===== Given data
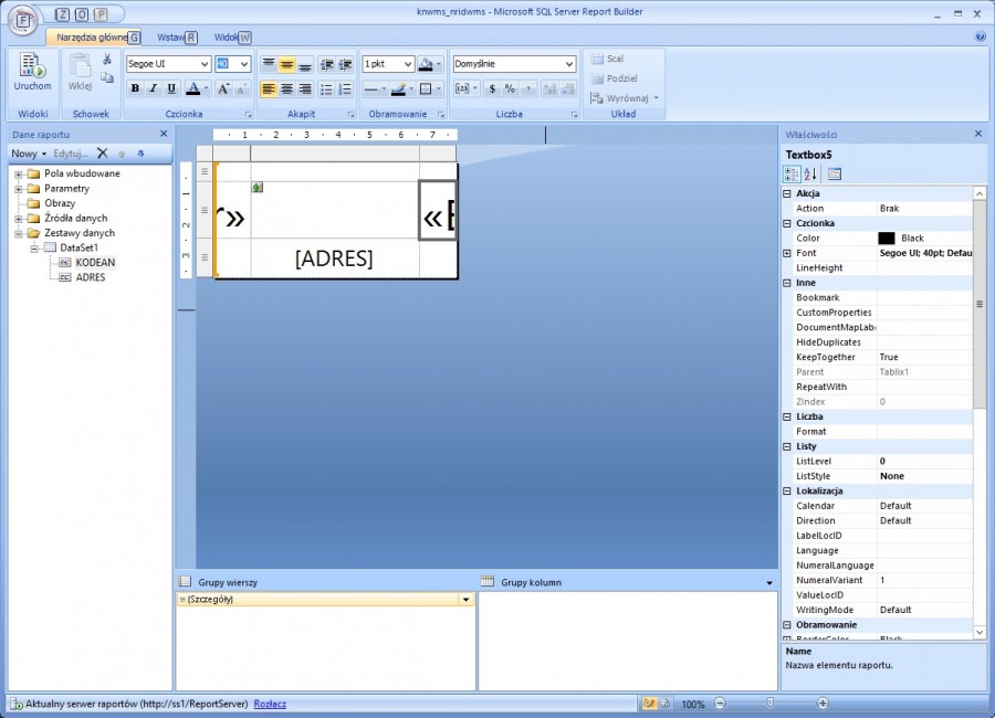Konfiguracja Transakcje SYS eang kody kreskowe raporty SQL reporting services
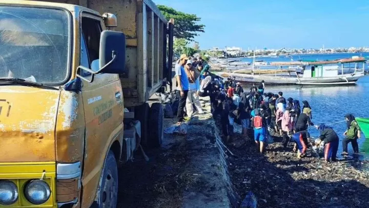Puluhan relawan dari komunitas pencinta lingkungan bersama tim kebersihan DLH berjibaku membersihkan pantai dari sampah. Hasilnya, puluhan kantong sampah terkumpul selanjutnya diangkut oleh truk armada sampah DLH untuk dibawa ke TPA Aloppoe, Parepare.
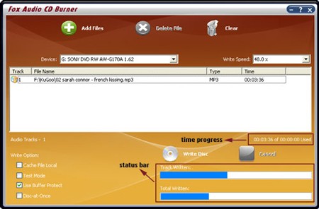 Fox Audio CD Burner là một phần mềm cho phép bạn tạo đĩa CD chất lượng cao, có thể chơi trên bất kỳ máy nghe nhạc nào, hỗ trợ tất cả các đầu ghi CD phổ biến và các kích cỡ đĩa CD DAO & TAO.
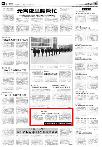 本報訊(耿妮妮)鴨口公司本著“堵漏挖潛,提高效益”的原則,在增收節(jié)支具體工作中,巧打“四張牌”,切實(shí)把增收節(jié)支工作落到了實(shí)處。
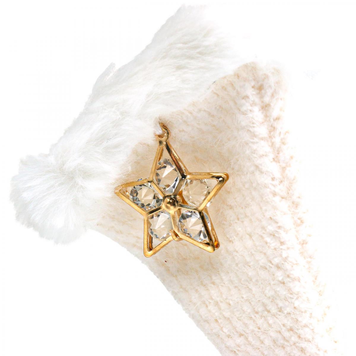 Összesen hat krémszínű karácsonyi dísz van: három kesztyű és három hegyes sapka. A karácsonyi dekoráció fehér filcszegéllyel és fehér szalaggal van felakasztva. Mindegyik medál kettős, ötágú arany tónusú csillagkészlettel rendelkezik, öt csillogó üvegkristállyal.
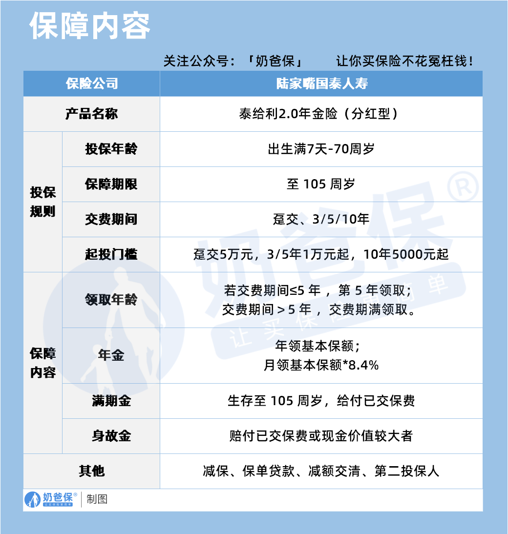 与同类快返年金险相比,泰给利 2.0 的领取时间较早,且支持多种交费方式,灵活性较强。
==========
Activity: Once the pictures are set aside, give every line above again without alteration.

Your response:
Konfiguracja Transakcje SYS eang kody kreskowe raporty SQL reporting services
Puluhan relawan dari komunitas pencinta lingkungan bersama tim kebersihan DLH berjibaku membersihkan pantai dari sampah. Hasilnya, puluhan kantong sampah terkumpul selanjutnya diangkut oleh truk armada sampah DLH untuk dibawa ke TPA Aloppoe, Parepare.
 Fox Audio CD Burner là một phần mềm cho phép bạn tạo đĩa CD chất lượng cao, có thể chơi trên bất kỳ máy nghe nhạc nào, hỗ trợ tất cả các đầu ghi CD phổ biến và các kích cỡ đĩa CD DAO & TAO.
 本報訊(耿妮妮)鴨口公司本著“堵漏挖潛,提高效益”的原則,在增收節(jié)支具體工作中,巧打“四張牌”,切實(shí)把增收節(jié)支工作落到了實(shí)處。
 Összesen hat krémszínű karácsonyi dísz van: három kesztyű és három hegyes sapka. A karácsonyi dekoráció fehér filcszegéllyel és fehér szalaggal van felakasztva. Mindegyik medál kettős, ötágú arany tónusú csillagkészlettel rendelkezik, öt csillogó üvegkristállyal.
 与同类快返年金险相比,泰给利 2.0 的领取时间较早,且支持多种交费方式,灵活性较强。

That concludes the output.